The two-member band's English name is derived Yuming Lai's first initial (Y), the number of band members (2), and Jane Huang's first initial (J). The band's Chinese name "Shenmu yu Tong", means "sacred tree and pupil (of the eye)". "Shénmù" (神木), meaning "sacred tree", comes from a large tree in Lai's village which shares the name "Yuming". "Little Tong"  (瞳 tóng, "pupil")" is a nickname Jane Huang has had from childhood.

Member history 
Yuming Lai (Lai Ming Wei) (25 June 1984 -), was born in Taoyuan County (now Taoyuan City), Taiwan, to a mother of the Atayal indigenous tribe. He graduated from Yongfeng High School and the Grand Cathay Institute of Technology. In 2007, he decided to participate in the One Million Star Taiwanese singing competition. In January 2008, he was crowned champion of the competition.
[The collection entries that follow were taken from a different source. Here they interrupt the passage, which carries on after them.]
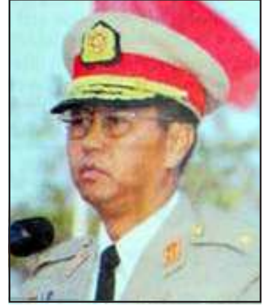
ရန်ကုန်တိုင်း စစ်ဌာနချုပ် တိုင်းမှူး ဗိုလ်ချုပ်မြင့်ဆွေ

ဇန်နဝါရီ (၄)ရက် (ရန်ကုန်) နအဖ စစ်အုပ်စုက ကြီးမှူးကျင်းပသည့် (၅၅)နှစ်မြောက် လွတ်လပ်ရေးနေ့ အခမ်းအနားကို ရန်ကုန်မြို့ ပြည်သူ့ရင်ပြင်၌ ကျင်းပပြုလုပ်ခဲ့ရာ အဆိုပါအခမ်းအနားသို့ နအဖ ဥက္ကဋ္ဌ ဗိုလ်ချုပ်မှူးကြီးသန်းရွှေက သဝဏ်လွှာတစောင်ပေးပို့ခဲ့သည်။ အဆိုပါသဝဏ်လွှာကို ရန်ကုန်တိုင်း စစ်ဌာနချုပ်တိုင်းမှူး ဗိုလ်ချုပ်မြင့်ဆွေက ဖတ်ကြားသွားခဲ့ရာတွင် နိုင်ငံတော်၏ လွတ်လပ်ရေးနှင့် အချုပ်အခြာအာဏာ တည်တံ့ခိုင်မြဲရေးအတွက် နိုင်ငံသားအားလုံး စုစည်းထိန်းသိမ်းစောင့်ရှောက်ရန်နှင့် မျိုးချစ်စိတ်ဓာတ်ကို မျိုးဆက်သစ်များက ဆက်လက်ထိန်းသိမ်းစောင့်ရှောက်ကြရန်လိုကြောင်း ထည့်သွင်းဖော်ပြထားပြီး မြန်မာနိုင်ငံ၏စီးပွားရေးကဏ္ဍတွင် နအဖက ပထမကာလတို လေးနှစ်စီမံကိန်းနှင့် ဒုတိယကာလတို ငါးနှစ်စီမံကိန်းများ အကောင်အထည်ဖော် ဆောင်ရွက်ခဲ့ရာ လျာထားချက်များ ကျော်လွန်သည်အထိ အားထုတ်နိုင်ခဲ့ကြောင်း၊ ယခု တတိယကာလတို ငါးနှစ်စီမံကိန်း ချမှတ်ဆောင်ရွက်
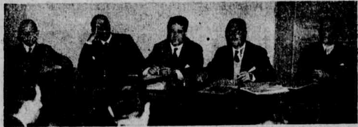
Em sessão que poderá ser decisiva para os destinos do PSD rio-grandense, reuniu-se, ontem, extraordinariamente, o Diretório Regional pessedista...
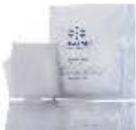
Sanitary bag كيس صحي
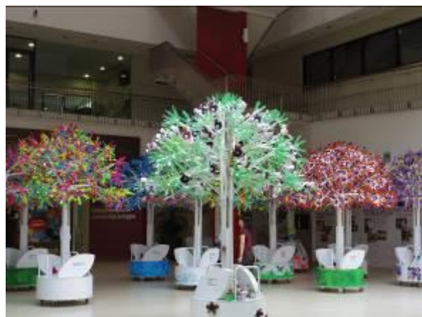
みんなの願いを叶えるツリーの製作

パレードでは各種民族による民族衣装やダンスなどの披露のほか、ダンスが苦手な住民でもイベントに参加できるようペットボトルを使ったカラフルなツリー製作講座や、パティック柄の大きな台紙に好きな色をペイントして作品を完成させる講座など、人民協会本部や地域の CC で子どもから大人まで気軽に参加できる取り組みを行っています。また、これらのイベントには多くの新移民も参加しています。

Jane Huang (Huang Mei Zhen) (19 January 1983 -), was born in Taitung County, Taiwan. She is a member of Taiwan's Puyuma aboriginal people. In 2007, she finished seventh in the One Million Star Taiwanese singing competition, but her strength in the rock genre was clear. With the strong support of her fans, she became the popular vote winner.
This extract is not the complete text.